§ Exercise: Please repeat the entries exactly as they appear and omit any images.
§
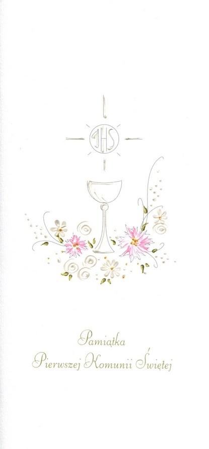 Karnet Komunia Kielich różowy MAK
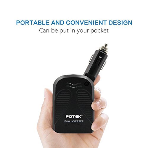 - Potek 100W power inverter provides 100 Watts continuous power - 200 Watts surge power,LED Indicator light (Green=Power ON, Red=Failt,Alarm)
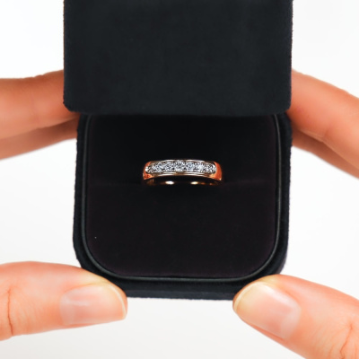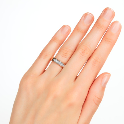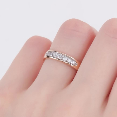 Кольцо с 1 бриллиантом, 0.06 карат, огранка круг 57 граней, цвет 3, чистота 6, тип огранки А; 4 бриллиантами, 0.16 карат, огранка круг 57 граней, цвет 3, чистота 6, тип огранки А; 2 бриллиантами, 0.04 карат, огранка круг 57 граней, цвет 3, чистота 6, тип огранки А; Розовое золото 585 пробы.
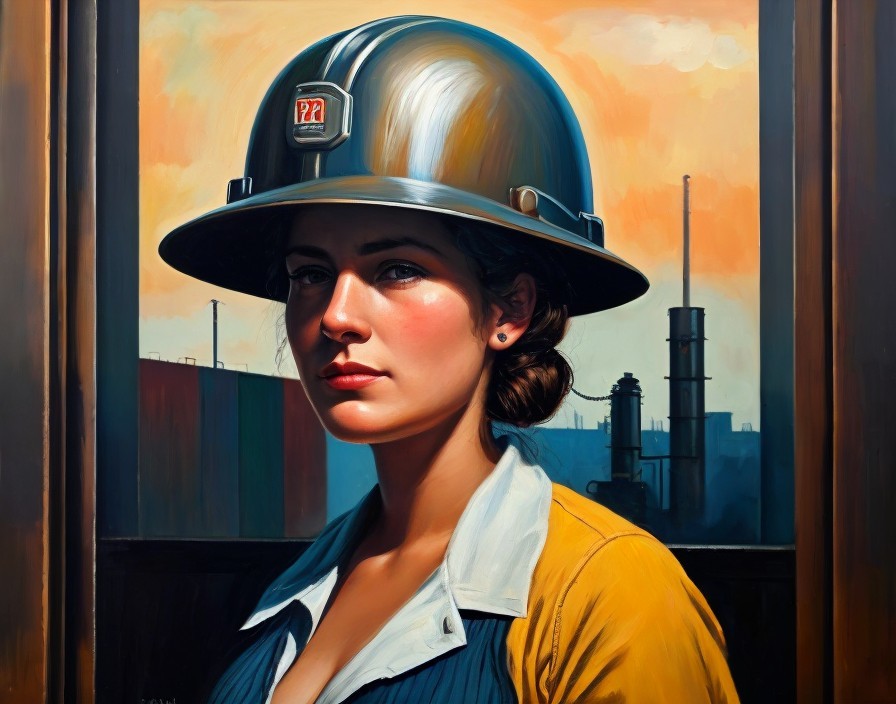 A portrait of a woman in a hard hat with an industrial backdrop, showcasing a confident and strong demeanor.
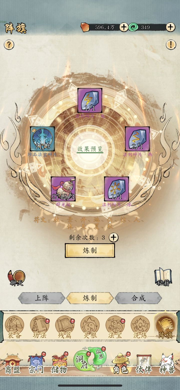 炼虚(起步阶段),应用图1(成本略高),图2(过渡使用,只要是天元丹就行,不管几品)当前阶段资源有限,不建议大肆炼旗,如果要炼,着重以下词条:【斩杀】:推荐指数5颗星(小登的话紫斩杀也可以用)应用场景:1.乌奴山飞升之后,可以跨服联动,有这个词条可以尝试抢尾刀;2.应对大荒蛮体的致死免伤,神兽穷奇的免死神通【连续攻击】:推荐指数4颗星应用场景:让伙伴更快叠出buff,如果词条不多
§
§ Written answer:
 Karnet Komunia Kielich różowy MAK
 - Potek 100W power inverter provides 100 Watts continuous power - 200 Watts surge power,LED Indicator light (Green=Power ON, Red=Failt,Alarm)
 Кольцо с 1 бриллиантом, 0.06 карат, огранка круг 57 граней, цвет 3, чистота 6, тип огранки А; 4 бриллиантами, 0.16 карат, огранка круг 57 граней, цвет 3, чистота 6, тип огранки А; 2 бриллиантами, 0.04 карат, огранка круг 57 граней, цвет 3, чистота 6, тип огранки А; Розовое золото 585 пробы.
 A portrait of a woman in a hard hat with an industrial backdrop, showcasing a confident and strong demeanor.
 炼虚(起步阶段),应用图1(成本略高),图2(过渡使用,只要是天元丹就行,不管几品)当前阶段资源有限,不建议大肆炼旗,如果要炼,着重以下词条:【斩杀】:推荐指数5颗星(小登的话紫斩杀也可以用)应用场景:1.乌奴山飞升之后,可以跨服联动,有这个词条可以尝试抢尾刀;2.应对大荒蛮体的致死免伤,神兽穷奇的免死神通【连续攻击】:推荐指数4颗星应用场景:让伙伴更快叠出buff,如果词条不多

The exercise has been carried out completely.